◆ Problem requirements
Return exactly the lines that run from the one containing "and the two" to the end of the entries, with both ends included.

[[ Records for the task, beginning ]]

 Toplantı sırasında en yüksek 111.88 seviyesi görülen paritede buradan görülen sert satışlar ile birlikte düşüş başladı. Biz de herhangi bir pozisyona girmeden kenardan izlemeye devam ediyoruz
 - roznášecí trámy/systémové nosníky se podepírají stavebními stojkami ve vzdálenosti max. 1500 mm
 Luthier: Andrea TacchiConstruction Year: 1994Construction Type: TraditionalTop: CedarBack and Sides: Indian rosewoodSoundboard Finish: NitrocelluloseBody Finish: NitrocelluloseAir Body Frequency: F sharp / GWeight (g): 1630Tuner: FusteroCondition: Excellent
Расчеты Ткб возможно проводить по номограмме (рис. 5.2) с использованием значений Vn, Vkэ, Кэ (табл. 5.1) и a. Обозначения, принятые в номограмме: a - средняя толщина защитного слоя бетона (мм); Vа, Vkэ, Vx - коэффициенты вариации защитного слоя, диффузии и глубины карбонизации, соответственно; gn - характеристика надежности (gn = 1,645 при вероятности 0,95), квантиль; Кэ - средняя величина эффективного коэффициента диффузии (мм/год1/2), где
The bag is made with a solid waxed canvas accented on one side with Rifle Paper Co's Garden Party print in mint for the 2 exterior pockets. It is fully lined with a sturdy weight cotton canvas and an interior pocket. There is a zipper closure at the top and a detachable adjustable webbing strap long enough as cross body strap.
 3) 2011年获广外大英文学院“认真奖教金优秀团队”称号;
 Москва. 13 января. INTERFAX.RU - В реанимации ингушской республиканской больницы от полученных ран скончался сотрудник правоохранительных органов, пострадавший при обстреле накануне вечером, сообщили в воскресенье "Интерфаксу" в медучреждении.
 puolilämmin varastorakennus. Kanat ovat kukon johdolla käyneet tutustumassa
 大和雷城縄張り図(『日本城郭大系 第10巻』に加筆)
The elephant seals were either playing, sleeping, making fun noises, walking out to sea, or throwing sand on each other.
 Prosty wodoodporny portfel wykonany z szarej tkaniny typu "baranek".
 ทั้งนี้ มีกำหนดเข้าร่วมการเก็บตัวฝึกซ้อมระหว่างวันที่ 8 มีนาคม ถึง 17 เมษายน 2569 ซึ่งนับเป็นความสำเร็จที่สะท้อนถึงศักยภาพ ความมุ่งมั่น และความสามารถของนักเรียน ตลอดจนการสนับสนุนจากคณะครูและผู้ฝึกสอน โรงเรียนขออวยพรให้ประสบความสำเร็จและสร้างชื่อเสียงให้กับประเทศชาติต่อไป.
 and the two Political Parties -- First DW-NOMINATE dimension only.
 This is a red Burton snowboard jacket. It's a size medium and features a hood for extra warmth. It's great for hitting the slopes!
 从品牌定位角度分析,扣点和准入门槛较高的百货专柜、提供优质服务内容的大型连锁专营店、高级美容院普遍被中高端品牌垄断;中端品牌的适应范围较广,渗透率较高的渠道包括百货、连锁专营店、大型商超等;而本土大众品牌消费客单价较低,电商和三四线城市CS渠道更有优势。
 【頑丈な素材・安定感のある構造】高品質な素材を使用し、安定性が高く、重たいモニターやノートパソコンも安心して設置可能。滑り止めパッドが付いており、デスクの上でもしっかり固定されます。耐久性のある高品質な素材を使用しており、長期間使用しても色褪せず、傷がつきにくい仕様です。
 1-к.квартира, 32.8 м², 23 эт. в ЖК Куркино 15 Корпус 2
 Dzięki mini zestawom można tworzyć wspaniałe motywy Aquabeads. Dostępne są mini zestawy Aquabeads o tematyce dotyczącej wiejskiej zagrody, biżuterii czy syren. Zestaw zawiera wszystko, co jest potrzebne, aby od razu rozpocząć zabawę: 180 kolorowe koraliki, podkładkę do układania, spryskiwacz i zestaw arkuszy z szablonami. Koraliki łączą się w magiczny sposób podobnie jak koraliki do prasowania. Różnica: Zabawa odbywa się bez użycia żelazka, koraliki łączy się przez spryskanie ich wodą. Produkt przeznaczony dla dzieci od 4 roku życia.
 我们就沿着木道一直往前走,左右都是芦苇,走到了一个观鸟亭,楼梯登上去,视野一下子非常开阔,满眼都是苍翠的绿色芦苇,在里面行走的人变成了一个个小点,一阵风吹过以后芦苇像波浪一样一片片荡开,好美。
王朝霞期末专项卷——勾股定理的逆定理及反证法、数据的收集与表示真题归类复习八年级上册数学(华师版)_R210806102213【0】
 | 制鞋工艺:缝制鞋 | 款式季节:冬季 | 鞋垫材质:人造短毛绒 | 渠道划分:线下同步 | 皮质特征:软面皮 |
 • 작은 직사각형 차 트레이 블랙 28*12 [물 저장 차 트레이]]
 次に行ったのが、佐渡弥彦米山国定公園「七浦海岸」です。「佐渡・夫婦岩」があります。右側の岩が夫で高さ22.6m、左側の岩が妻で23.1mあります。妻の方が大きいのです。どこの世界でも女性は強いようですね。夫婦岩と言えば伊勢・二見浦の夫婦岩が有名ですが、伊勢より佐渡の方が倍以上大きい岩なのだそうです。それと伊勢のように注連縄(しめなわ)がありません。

[[ Records for the task, end ]]

◆ Answer space
 and the two Political Parties -- First DW-NOMINATE dimension only.
 This is a red Burton snowboard jacket. It's a size medium and features a hood for extra warmth. It's great for hitting the slopes!
 从品牌定位角度分析,扣点和准入门槛较高的百货专柜、提供优质服务内容的大型连锁专营店、高级美容院普遍被中高端品牌垄断;中端品牌的适应范围较广,渗透率较高的渠道包括百货、连锁专营店、大型商超等;而本土大众品牌消费客单价较低,电商和三四线城市CS渠道更有优势。
 【頑丈な素材・安定感のある構造】高品質な素材を使用し、安定性が高く、重たいモニターやノートパソコンも安心して設置可能。滑り止めパッドが付いており、デスクの上でもしっかり固定されます。耐久性のある高品質な素材を使用しており、長期間使用しても色褪せず、傷がつきにくい仕様です。
 1-к.квартира, 32.8 м², 23 эт. в ЖК Куркино 15 Корпус 2
 Dzięki mini zestawom można tworzyć wspaniałe motywy Aquabeads. Dostępne są mini zestawy Aquabeads o tematyce dotyczącej wiejskiej zagrody, biżuterii czy syren. Zestaw zawiera wszystko, co jest potrzebne, aby od razu rozpocząć zabawę: 180 kolorowe koraliki, podkładkę do układania, spryskiwacz i zestaw arkuszy z szablonami. Koraliki łączą się w magiczny sposób podobnie jak koraliki do prasowania. Różnica: Zabawa odbywa się bez użycia żelazka, koraliki łączy się przez spryskanie ich wodą. Produkt przeznaczony dla dzieci od 4 roku życia.
 我们就沿着木道一直往前走,左右都是芦苇,走到了一个观鸟亭,楼梯登上去,视野一下子非常开阔,满眼都是苍翠的绿色芦苇,在里面行走的人变成了一个个小点,一阵风吹过以后芦苇像波浪一样一片片荡开,好美。
王朝霞期末专项卷——勾股定理的逆定理及反证法、数据的收集与表示真题归类复习八年级上册数学(华师版)_R210806102213【0】
 | 制鞋工艺:缝制鞋 | 款式季节:冬季 | 鞋垫材质:人造短毛绒 | 渠道划分:线下同步 | 皮质特征:软面皮 |
 • 작은 직사각형 차 트레이 블랙 28*12 [물 저장 차 트레이]]
 次に行ったのが、佐渡弥彦米山国定公園「七浦海岸」です。「佐渡・夫婦岩」があります。右側の岩が夫で高さ22.6m、左側の岩が妻で23.1mあります。妻の方が大きいのです。どこの世界でも女性は強いようですね。夫婦岩と言えば伊勢・二見浦の夫婦岩が有名ですが、伊勢より佐渡の方が倍以上大きい岩なのだそうです。それと伊勢のように注連縄(しめなわ)がありません。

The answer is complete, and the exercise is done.